If you are using `HttpURLConnection`, or tying this code into some
other HTTP client stack, you can skip the OkHttp3 dependency.

## Basic Usage

Start by following
[Google's documentation for the Android 7.0 network security configuration](https://developer.android.com/training/articles/security-config.html).
Ideally, confirm that your configuration works using an Android 7.0+
device.

Next, add in this `<meta-data>` element to your manifest, as a child
of the `<application>` element:

```xml
<meta-data
  android:name="android.security.net.config"
  android:resource="@xml/net_security_config" />
```

The value for `android:resource` should be the same XML resource that
you used in the `android:networkSecurityConfig` attribute in the
`<application>` element.

Then, in your code where you want to set up your network communications,
create a `TrustManagerBuilder` and teach it to load the configuration
from the manifest:

```java
TrustManagerBuilder tmb=
  new TrustManagerBuilder().withManifestConfig(ctxt);
```

(where `ctxt` is some `Context`)

If you are using OkHttp3, create your basic `OkHttpClient.Builder`,
then call:

```java
OkHttp3Integrator.applyTo(tmb, okb);
```

(where `tmb` is the `TrustManagerBuilder` from before, and `okb`
is your `OkHttpClient.Builder`)

At this point, you can create your `OkHttpClient` from the `Builder`
and start using it.

If you are using `HttpURLConnection`, you can call `applyTo()` on
the `TrustManagerBuilder` itself, passing in the `HttpURLConnection`.
Afterwards, you can start using the `HttpURLConnection` to make your
HTTP request.

In either case, on Android 7.0+ devices, `withManifestConfig()` will
*not* use the backport.

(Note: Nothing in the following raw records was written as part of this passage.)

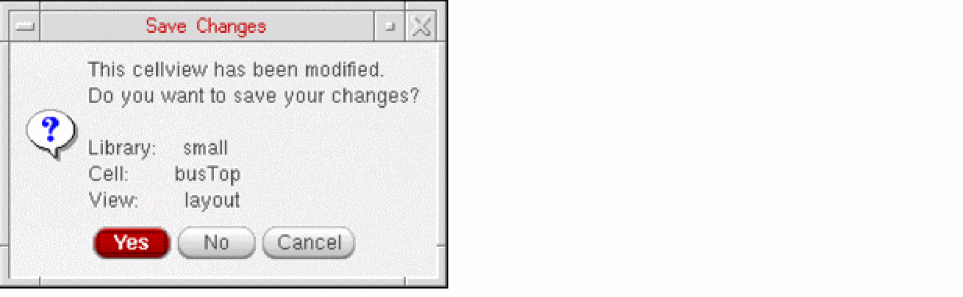 If you edited the current cellview since the last time you saved your data, the Save Changes dialog box appears and prompts you to save the changes, discard them, or cancel the close operation.
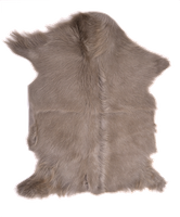 Ciemno-szary dywan Goat wykonany w 100% z naturalnej koziej skóry. Naturalny dywan w rozmiarze 60x70cm o nieregularnym kształcie, jest niezwykle delikatny i miękki w dotyku. Ze względu na swą naturalność, włosie dywanu nie wałkuje i nie skleja się, pozostając w swej niezmienionej strukturze. Dywan Goat z kolekcji Fur zachowany w klimacie wabi sabi sprawia, że nawet zimne industrialne wnętrze zostaje ciepło otulone.
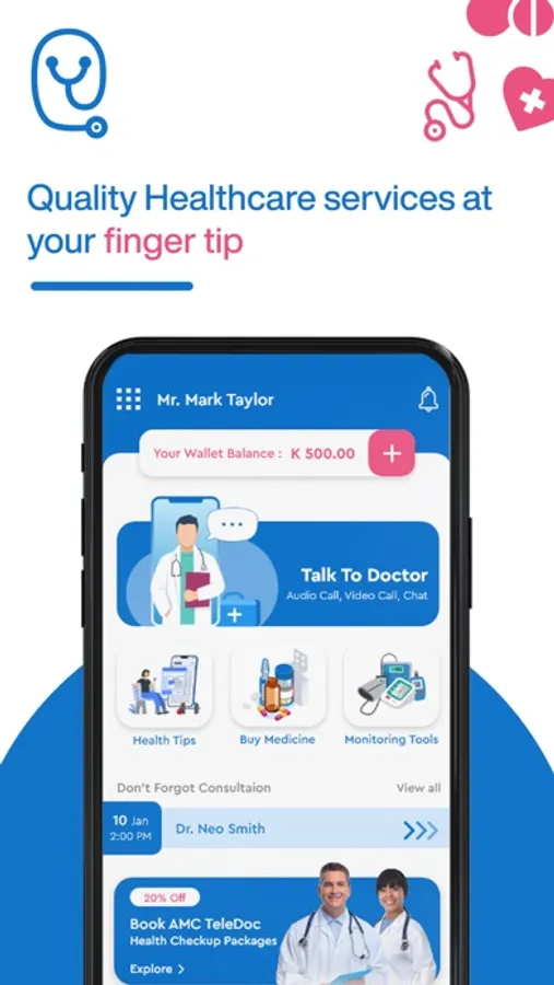 Save your time on waiting for a doctor at clinics and hospital. With AMC Teledoc, you can
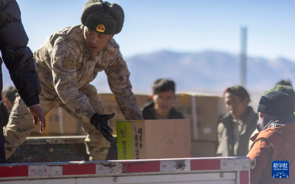 1月8日,解放軍戰(zhàn)士在尼轄鄉(xiāng)雪龍村幫助受災(zāi)群眾搬運(yùn)生活物資。新華社記者 姜帆 攝
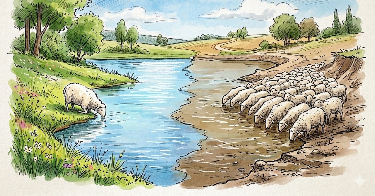 Existe uma velha lógica da natureza que quase sempre se repete nos negócios: quem chega antes bebe água limpa.
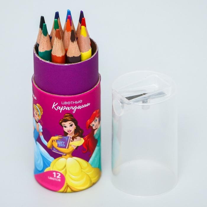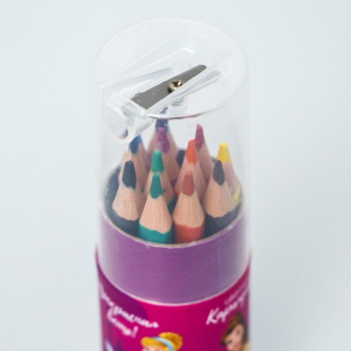 Цветные карандаши в тубусе, 12 цветов, Принцессы
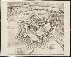 Historically, possession of the town was disputed between Germany and France. Formerly, there was a fortress located at the town, whose location was mentioned by Carl von Clausewitz. In Book VI of On War, he suggested that "If a fortress cannot be located directly on a river, it is better not to place it in the immediate vicinity, but some fifty to sixty miles away; otherwise the river will cut through and interfere with its sphere of influence with respect to all the points mentioned above." He then mentions in a footnote "Philippsburg was a perfect example of how not to site a fortress. Its location was that of an idiot standing with his nose against the wall.".[4] The fortress was besieged in 1644, 1676, 1688, and 1734, and during the War of the Second Coalition in 1799. Following the Peace of Lunéville, the fortress was demolished.

Instead, the platform-native implementation
of the network security configuration subsystem will be used. On
Android 4.2-6.0 devices, the backport will be used.

## Basic Limitations

If you use `HttpURLConnection`, you cannot use `<domain-config>`
elements in the network security configuration XML. Similarly,
you cannot use `cleartextTrafficPermitted` with `HttpURLConnection`.
If you have them in the XML, they will be ignored.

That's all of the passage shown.